New York became the latest state over the weekend to declare an emergency as the number of patients there rose to 89.
Meanwhile officials reported that two people at the recent Conservative Political Action Conference attended by Trump and the administration's coronavirus point man, Vice President Mike Pence, had tested positive for the new coronavirus.

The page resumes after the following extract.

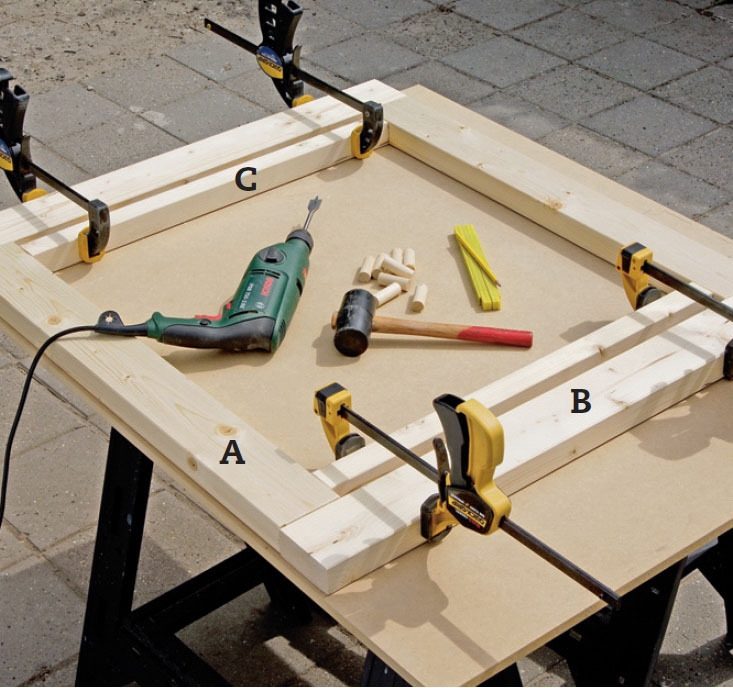 Nu samles rammen midlertidigt (uden lim). Slå først de to lodrette sider (A) sammen med listerne (C). Brug en gummihammer. Slå derefter bund- og topstykket (B) på. Træk delene helt tæt sammen ved hjælp af tvinger.

Anthony Fauci, director of the National Institute of Allergy and Infectious Diseases, told NBC that officials were "accelerating dramatically" on coronavirus testing.
He told Fox News the possibility of following Italy's example in locking down large sections of the population, or even entire cities, could not be ruled out.
"You don't want to alarm people but, given the spread we've seen, anything is possible," he said.
A US cruise ship hit by the outbreak was given permission late Saturday to dock in California's Bay Area on Monday, after reporting 21 infections on board.
Pressed on plans to handle 3,500 people on board the Grand Princess, Housing and Urban Development Secretary Ben Carson told ABC he didn't "want to preview the plan right now."
He said a plan would be in place "within 72 hours" of Pence's meeting with cruise ship company CEOs on Saturday.